Au moins, ça a le mérite d’être court et direct. Dans un concept qui fait penser à "Sharknado", on y suit deux groupes en proie à un ouragan et à des attaques de requins. Deux groupes qui ne se croiseront jamais dans un récit de survie parfois amusant mais souvent grotesque.
Un film d'horreur/catastrophe US qui ne révolutionne pas le genre, mais qui fait bien le job. Les attaques de requins sont réussies et les effets spéciaux sont quali. Le film dure moins d'1h30 donc l'histoire ne traîne pas trop en longueur. Pas mal de tension dans l'ensemble. Par contre, les personnages ne sont pas super attachants ce qui fait qu'on s'en fiche un peu qu'ils survivent ou pas
Un film de requins qui respecte le cahier des charges standard pour ce genre de production !! L'histoire est incohérente, les persos inintéressant mais quelques scènes nous maintient attentif !!

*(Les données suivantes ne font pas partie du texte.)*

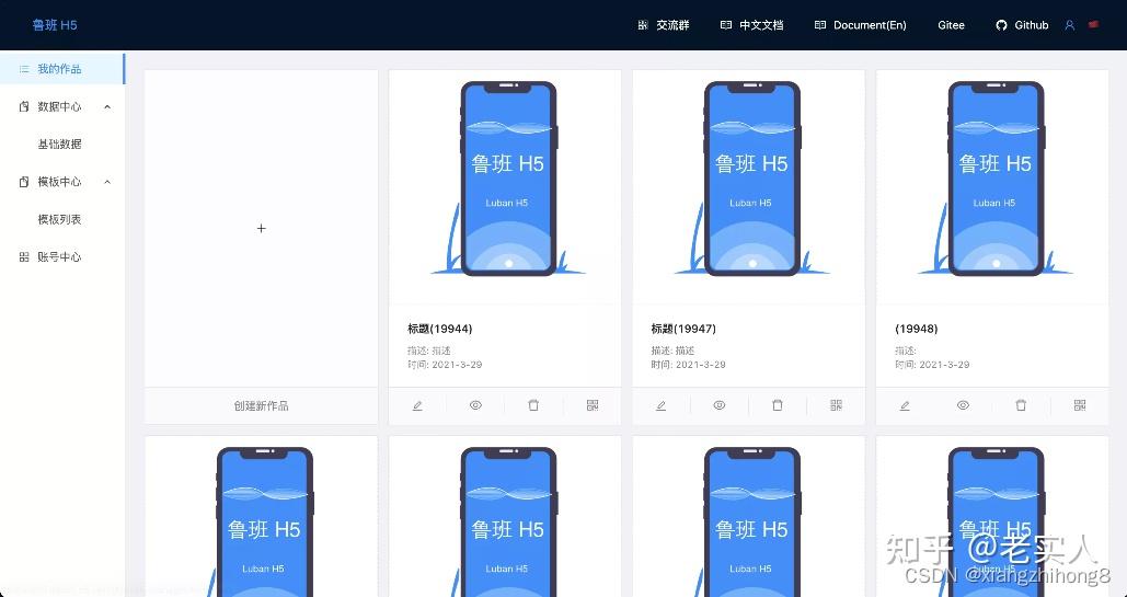 鲁班H5是基于Vue2.0开发的支持拖拽方式来快速生成页面的低代码平台,功能基本类似于易企秀、Maka、百度等H5平台。

Le long-métrage, réalisé par Tommy Wirkola, s’inscrit dans une tradition désormais bien installée : celle des films catastrophes complètement décomplexés. Effectivement, TRASH fait penser à "Sous la Seine" (qui n'est pas si mal que ça ....), mais pas seulement !! Il évoque clairement les autres films du genre comme "Jurassic Shark", "L’Attaque du requin à six têtes" ou le célèbre: SHARKNADO (le must du genre nanard ++)!!!!. Arrivé ce 10 avril sur Netflix, (Nature prédatrice en VF) avait dévoilé une bande-annonce qui donne le ton : spectaculaire, absurde… et assumé. C'est nul , bidon et joué par des enclumes professionelles ...mais qu'est ce qu'on se mare !! Et comme des c****, on regarde ça jusqu'au bout ! Enfin pour moi , personne ne détronnera jamais le fabuleux " SKY SHARKS " avec les requins nazi/zombie !! The nanard ultime et assumé !!